* _THE TASK_
Apart from the pictures, return every line of the listing exactly.

-- AVAILABLE DATA follows --

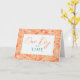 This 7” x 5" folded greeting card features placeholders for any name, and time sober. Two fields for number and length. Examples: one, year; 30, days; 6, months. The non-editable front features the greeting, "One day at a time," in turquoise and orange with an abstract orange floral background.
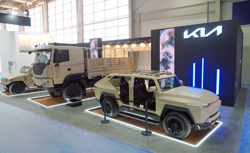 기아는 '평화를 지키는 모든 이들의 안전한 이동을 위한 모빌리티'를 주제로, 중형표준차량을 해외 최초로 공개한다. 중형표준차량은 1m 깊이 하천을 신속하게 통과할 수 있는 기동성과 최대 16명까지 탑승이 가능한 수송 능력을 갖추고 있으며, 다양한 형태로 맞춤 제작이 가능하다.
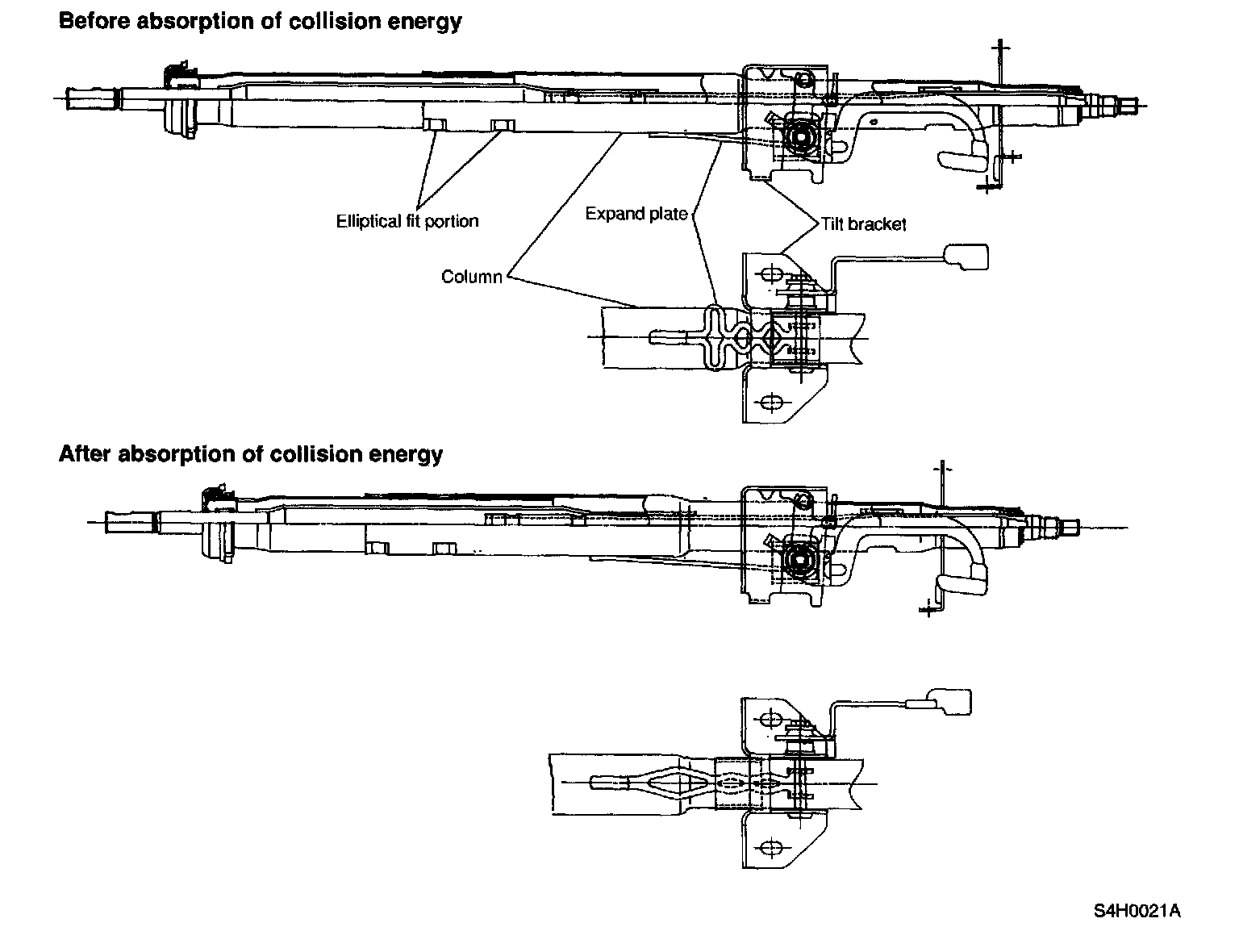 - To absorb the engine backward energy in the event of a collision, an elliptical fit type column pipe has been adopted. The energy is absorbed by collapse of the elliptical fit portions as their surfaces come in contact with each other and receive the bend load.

-- AVAILABLE DATA concluded --

* _TASK ANSWER_
 This 7” x 5" folded greeting card features placeholders for any name, and time sober. Two fields for number and length. Examples: one, year; 30, days; 6, months. The non-editable front features the greeting, "One day at a time," in turquoise and orange with an abstract orange floral background.
 기아는 '평화를 지키는 모든 이들의 안전한 이동을 위한 모빌리티'를 주제로, 중형표준차량을 해외 최초로 공개한다. 중형표준차량은 1m 깊이 하천을 신속하게 통과할 수 있는 기동성과 최대 16명까지 탑승이 가능한 수송 능력을 갖추고 있으며, 다양한 형태로 맞춤 제작이 가능하다.
 - To absorb the engine backward energy in the event of a collision, an elliptical fit type column pipe has been adopted. The energy is absorbed by collapse of the elliptical fit portions as their surfaces come in contact with each other and receive the bend load.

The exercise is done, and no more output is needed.